The time frame of the adventure pre-dates the enslavement of the Kagonesti. They didn't remove it.
Here's the section on the Silvanesti fleeing to Southern Ergoth:
In recent years, war has come to Silvanesti. When the Dragon Armies besieged the realm, the leader Lorac Caladon, Speaker of the Stars, ordered his people to evacuate. Lorac then attempted to defend the kingdom with an orb of dragonkind—but the artifact’s magic unexpectedly warped Silvanesti into a nightmarish land. The surviving elves of Silvanesti now find themselves a people without a homeland.
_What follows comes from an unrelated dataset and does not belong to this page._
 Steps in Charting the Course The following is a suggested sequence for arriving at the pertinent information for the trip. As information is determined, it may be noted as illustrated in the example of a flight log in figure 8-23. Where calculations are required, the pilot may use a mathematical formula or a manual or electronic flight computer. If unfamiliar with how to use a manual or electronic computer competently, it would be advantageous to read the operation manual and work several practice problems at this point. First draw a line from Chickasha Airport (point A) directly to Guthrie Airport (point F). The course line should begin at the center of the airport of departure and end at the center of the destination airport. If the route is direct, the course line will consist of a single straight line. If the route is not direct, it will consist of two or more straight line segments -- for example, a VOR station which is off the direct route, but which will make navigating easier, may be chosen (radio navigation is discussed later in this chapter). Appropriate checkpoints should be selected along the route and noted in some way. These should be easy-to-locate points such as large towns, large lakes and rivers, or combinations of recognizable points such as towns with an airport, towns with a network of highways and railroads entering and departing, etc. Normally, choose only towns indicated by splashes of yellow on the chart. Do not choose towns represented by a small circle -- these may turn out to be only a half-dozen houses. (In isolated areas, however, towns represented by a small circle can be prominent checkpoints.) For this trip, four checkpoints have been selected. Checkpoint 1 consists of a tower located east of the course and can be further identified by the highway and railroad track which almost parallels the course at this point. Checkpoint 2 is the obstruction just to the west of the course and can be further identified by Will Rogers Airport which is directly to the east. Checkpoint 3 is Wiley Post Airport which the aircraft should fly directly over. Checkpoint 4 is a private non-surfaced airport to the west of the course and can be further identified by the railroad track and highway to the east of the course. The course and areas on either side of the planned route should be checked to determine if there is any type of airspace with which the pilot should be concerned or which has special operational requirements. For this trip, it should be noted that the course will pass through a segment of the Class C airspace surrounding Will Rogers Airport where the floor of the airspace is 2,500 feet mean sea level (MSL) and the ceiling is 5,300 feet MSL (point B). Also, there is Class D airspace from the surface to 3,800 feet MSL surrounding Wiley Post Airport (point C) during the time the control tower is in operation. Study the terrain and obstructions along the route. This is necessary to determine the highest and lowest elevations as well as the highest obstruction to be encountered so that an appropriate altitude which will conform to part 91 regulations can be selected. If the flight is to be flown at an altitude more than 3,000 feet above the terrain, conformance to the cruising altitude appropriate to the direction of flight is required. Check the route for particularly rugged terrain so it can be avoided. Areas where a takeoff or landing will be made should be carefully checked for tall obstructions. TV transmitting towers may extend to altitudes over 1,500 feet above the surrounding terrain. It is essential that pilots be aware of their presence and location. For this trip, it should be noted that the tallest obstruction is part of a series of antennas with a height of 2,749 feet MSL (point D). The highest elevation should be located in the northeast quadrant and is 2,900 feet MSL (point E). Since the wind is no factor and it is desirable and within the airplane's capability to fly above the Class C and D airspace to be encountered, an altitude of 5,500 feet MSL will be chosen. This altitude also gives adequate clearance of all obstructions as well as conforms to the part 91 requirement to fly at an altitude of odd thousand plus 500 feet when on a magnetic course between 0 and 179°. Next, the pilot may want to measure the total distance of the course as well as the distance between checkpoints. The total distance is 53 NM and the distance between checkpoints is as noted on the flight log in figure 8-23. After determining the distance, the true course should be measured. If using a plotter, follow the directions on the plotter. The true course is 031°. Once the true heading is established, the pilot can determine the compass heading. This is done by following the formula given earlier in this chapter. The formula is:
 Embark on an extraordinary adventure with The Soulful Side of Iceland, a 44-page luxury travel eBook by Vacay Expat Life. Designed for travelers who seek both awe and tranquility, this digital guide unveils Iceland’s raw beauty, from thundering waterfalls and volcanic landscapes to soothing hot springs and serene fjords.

Most journeyed together across the sea to Southern Ergoth, seeking refuge with the Kagonesti, while others refused to give up Silvanesti and sought to reclaim their ancestral home.
Here's the section on the Kagonesti in reference to the Silvanesti:
Although few outsiders intrude on the Kagonesti’s ancient forested lands, thousands of Silvanesti refugees have begun seeking their aid. While the Kagonesti welcome their cousins and seek to support them, they refuse to be overwhelmed by the Silvanesti’s numbers and distinct ways.

Definitely removed.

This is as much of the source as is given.